In addition, changing the value of the object to sendAndReceiveUnsecuredMsgs may results in DOS in a SEND-only deployment scenario, since the node
could not communicate with other nodes in the link that only accept secured ND messages.</t>
<t>sendInterfaceNonSendCompatTable. Write access from an unauthorized party to disable SEND validation in a per-link basis can be used to enable all
kind of attacks for which SEND provides protection. Additionally, if the value of the object is unintendedly changed from acceptSecuredAndUnsecured to
acceptOnlySecured, the node will loose the communication with non-SEND devices in the link considered.</t>
<t>sendIgnoreUnsecuredDadFirstTentative. As RFC 3971, section 9.2.3 states, if the node state is maliciously changed to ignore unsecured Neighbor Advertisements when DAD is being performed, a potential address collision between a SEND node and a non-SEND node may occur. The probability and effects of such an address collision are discussed in <xref target="RFC3972"></xref>. On the other side, if the node is maliciously changed to accept unsecured Neighbor Advertisements as response to DAD, a node controlled by an attacker can force the generation of a second CGA even if no real collision occurred in the network. Since DAD for the second CGA generated will only process secured responses, regardless the state of this object, this change only impacts in performance.</t>
<t>Some of the readable objects in this MIB module (i.e., objects with a
MAX-ACCESS other than not-accessible) may be considered sensitive or
vulnerable in some network environments. It is thus important to
control even GET and/or NOTIFY access to these objects and possibly
to even encrypt the values of these objects when sending them over
the network via SNMP. These are the tables and objects and their
sensitivity/vulnerability:</t>
<t>sendCgaVerificationMinbits. Read access to this object by an unauthorized node can provide information about the minimum key length to use in a brute force attack to a CGA.</t>
<t>Read access to objects that specify the authorization policy of the node could provide information to an attacker, although the attacker could gain the
same information by directly performing the attacks enabled by the actual configuration of the system (for example, sending unsecured messages without knowing
if the node accepts them or not in a given interface.</t>
<t>SNMP versions prior to SNMPv3 did not include adequate security.

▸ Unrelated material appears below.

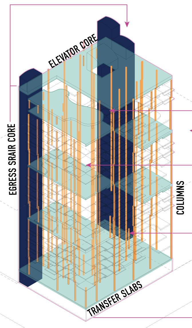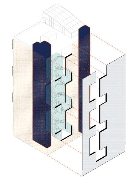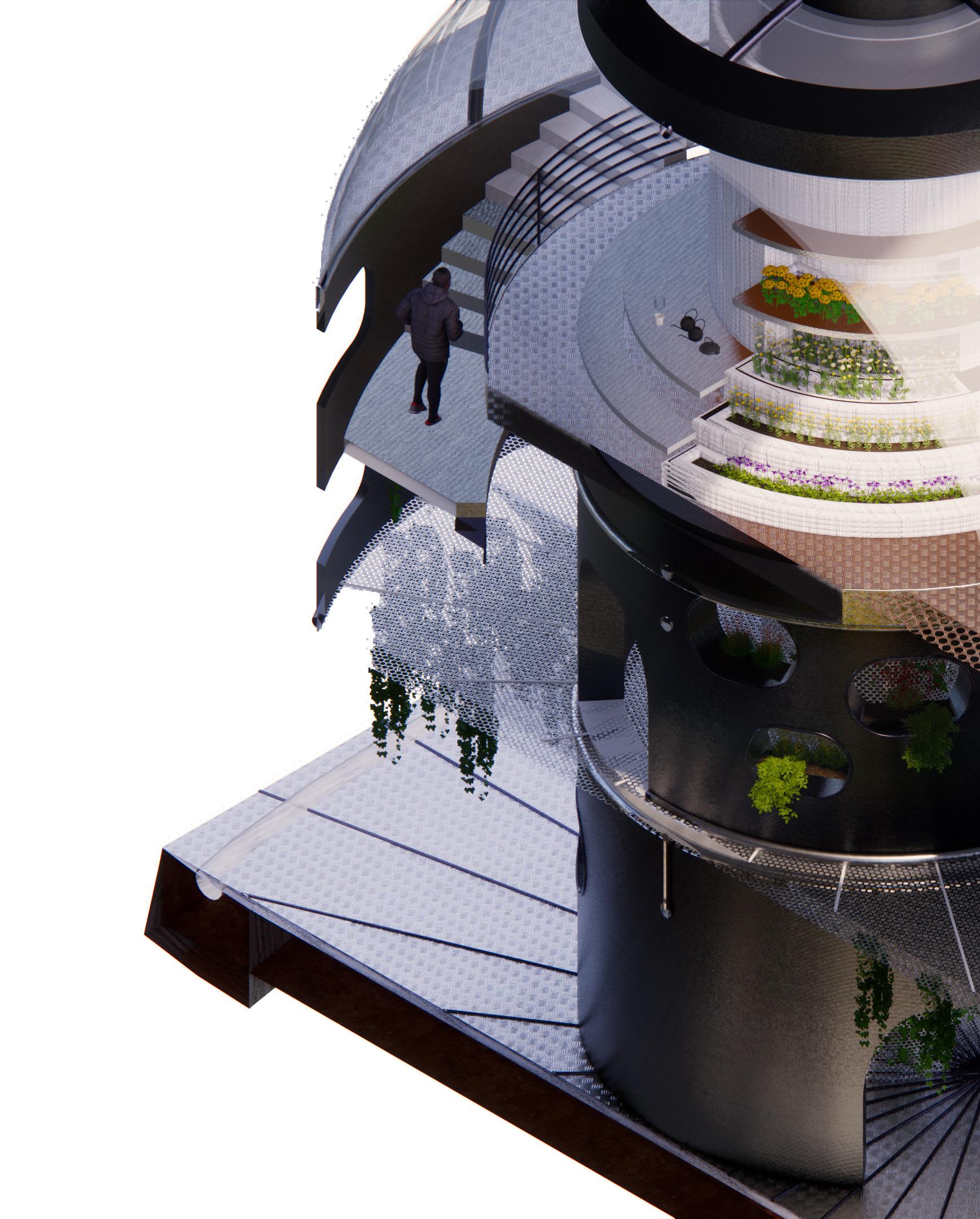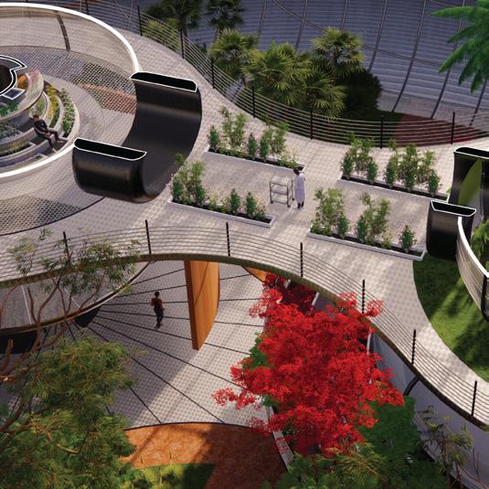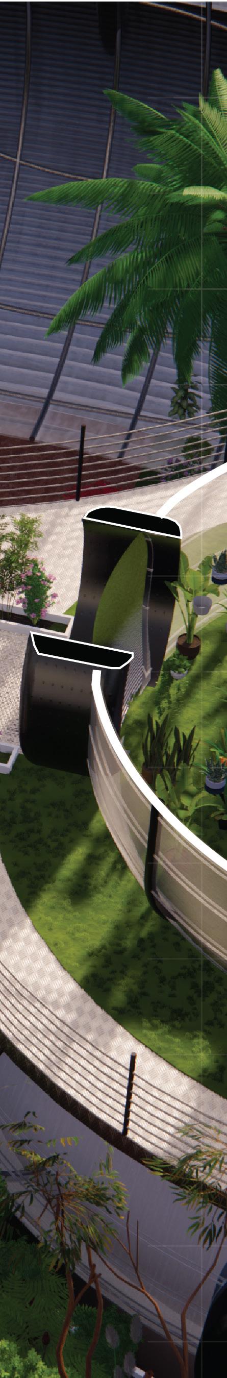 We envision the journey as part of the destination. The staircase begins on the ground floor, spiraling around to the outdoor atrium, ascending outdoor stairs, then re-entering the building to continue its intertwining path. This design transforms the atrium into an engaging thoroughfare, filled with activities and scenic views.
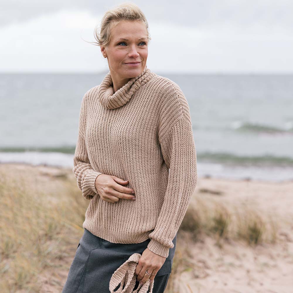Zomertrui Dyni wordt met een halve patentsteek gebreid. Zo wordt het een tijdloos model waar je jaren van geniet. Het heeft een ruime col waardoor deze zomertrui perfect is voor de koele zomeravond. En heb je het niet zo snel koud, dan kun je de trui ook in het voor en najaar dragen.

Even if the network itself is secure (for example by using IPsec),
even then, there is no control as to who on the secure network is
allowed to access and GET/SET (read/change/create/delete) the objects
in this MIB module.</t>
<t>It is RECOMMENDED that implementers consider the security features as
provided by the SNMPv3 framework (see <xref target="RFC3410"></xref>, section 8),
including full support for the SNMPv3 cryptographic mechanisms (for
authentication and privacy).</t>
<t>Further, deployment of SNMP versions prior to SNMPv3 is NOT
RECOMMENDED. Instead, it is RECOMMENDED to deploy SNMPv3 and to
enable cryptographic security. It is then a customer/operator
responsibility to ensure that the SNMP entity giving access to an
instance of this MIB module is properly configured to give access to
the objects only to those principals (users) that have legitimate
rights to indeed GET or SET (change/create/delete) them.</t>
</section>
<section title="IANA Considerations">
/* the next is taken from rfc 4181:3.5.2 */
<t>The MIB module in this document uses the following IANA-assigned OBJECT IDENTIFIER values recorded in the SMI Numbers registry:</t>
<figure>
<artwork>
Descriptor OBJECT IDENTIFIER value
---------- -----------------------
send-MIB { mib-2 XXX }
</artwork>
</figure>
<t>Editor's Note (to be removed prior to publication): the IANA is
requested to assign a value for "XXX" under the 'mib-2' subtree
and to record the assignment in the SMI Numbers registry. When
the assignment has been made, the RFC Editor is asked to replace
"XXX" (here and in the MIB module) with the assigned value and to
remove this note.</t>
</section>
</middle>
<back>
<references title="Normative References">
<?rfc include="reference.RFC.2578"?>
<?rfc include="reference.RFC.2579"?>
<?rfc include="reference.RFC.2580"?>
<?rfc include="reference.RFC.2863"?>
<?rfc include="reference.RFC.3279"?>
<?rfc include="reference.RFC.3280"?>
<?rfc include="reference.RFC.3971"?>
<?rfc include="reference.RFC.4292"?>
<?rfc include="reference.RFC.4293"?>
</references>
<references title="Informative References">
<?rfc include="reference.RFC.3410"?>
<?rfc include="reference.RFC.3972"?>
<?rfc include="reference.RFC.4861"?>
<?rfc include="reference.RFC.4862"?>
<reference anchor='CGA-MIB'>
<front>
<author>Alberto Garcia-Martinez</author>
<title>Management Information Base for Cryptographically Generated Addresses (CGA)</title>
<date month='July' year='2008' />
<seriesInfo name='ID' value='2200' />
</front>
</reference>
</references>
</back>
</rfc>
/* Other comments:
Sending CGA option: no additional configuration to the one of the CGA-MIB is required. CGA is configured according to CGA-MIB. The messages in which it appears are specified in 5.1.1.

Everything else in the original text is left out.